Consequently - and paradoxically, given that "community" is something of an idol in the Church of Nice - our community awareness is weakened. That's why Father thinks he has to keep banging on about it.

Just as a reminder, here's a blast from the past - a brief excerpt from my novel The Age for Love*, ($US2.99 from amazon.com) describing a Christ the King procession at a certain Catholic boarding school in New Zealand, circa 1960:

           "Snowballs, the girls call them. They pick the white globes of blossom in the nuns garden on the only day of the year they're allowed in, the eve of Christ the King. 

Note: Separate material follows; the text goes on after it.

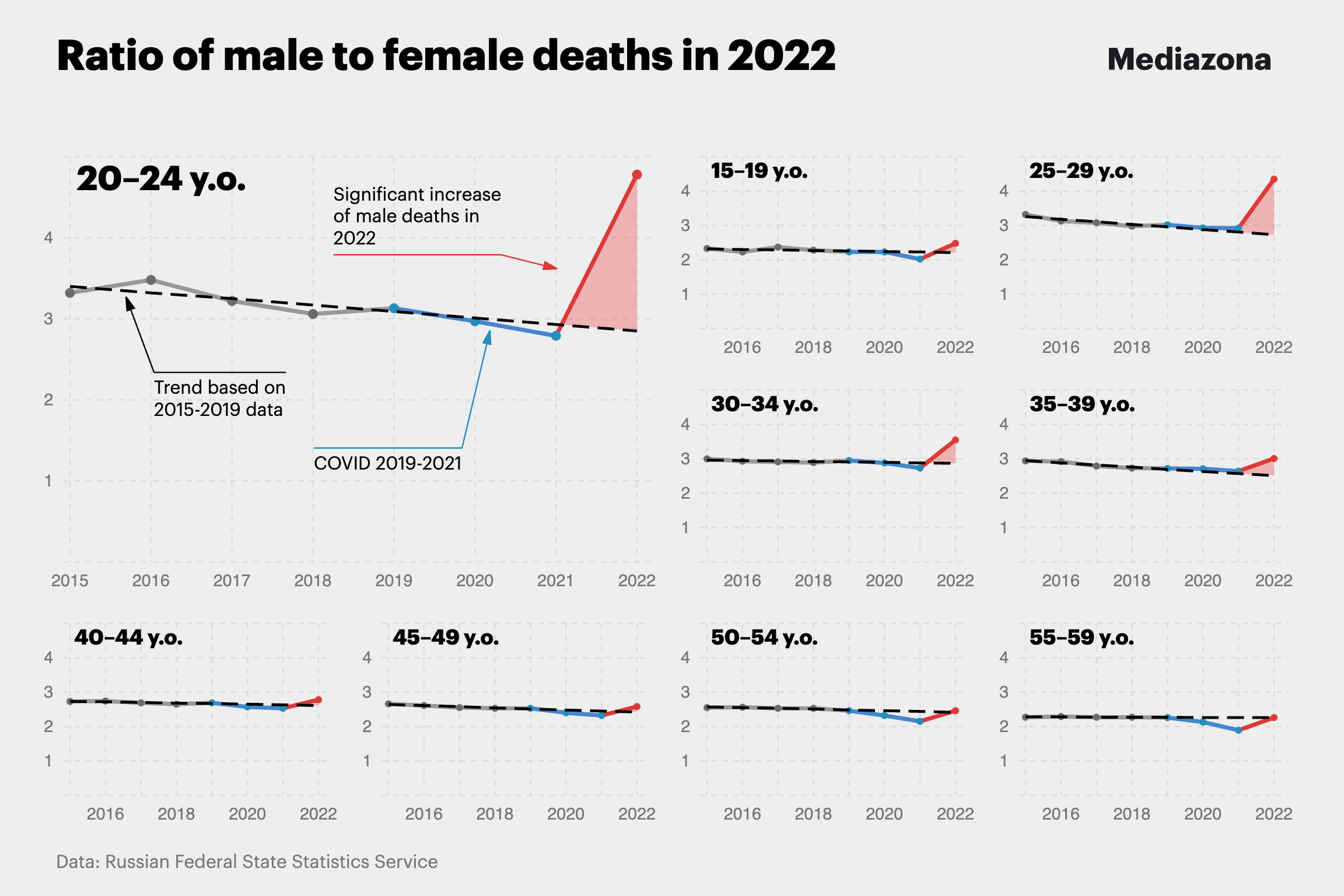 — The validity of our methodology is supported by official mortality data from the Federal State Statistics Service (Rosstat). According to their records, the excess mortality of men under 50 in 2022 was 24,000 (no more recent data is available yet), which is only 4% off from our estimate based on probate cases.

Next morning, on their knees down on the green, they pull the petals apart for a floral carpet across the grass for the priest to tread, to the outdoor altar, processing with the monstrance and the St Anthony’s altar boys behind, trampling hosts and chalices, alphas and omegas of rhododendron, camellia and lilac all washed in a tide of viburnum petals, white and shredded like Lux flakes."

But even in 1960, in New Zealand such processions were private affairs. Were we embarrassed to be seen in public following a priest carrying a monstrance? And how much more would we be embarrassed by it now?

Bob Gill: There was no embarrassment the other day in the streets of Portland, Oregon: https://catholicsentinel.org/.../WATCH-Jesus.../2/35/38074

Philippa O'Neill NooĆ²oo... we want more.
Adelie Reid I have twice walked in public processions with the monstrance here in New Zealand and both this century.


I say:
Thanks Adelie. Where was it that you walked in  public processions in NZ?







1 comment:

  1. The police have told me of their willingness to provide uniformed policemen to march in Christ the King processions this year.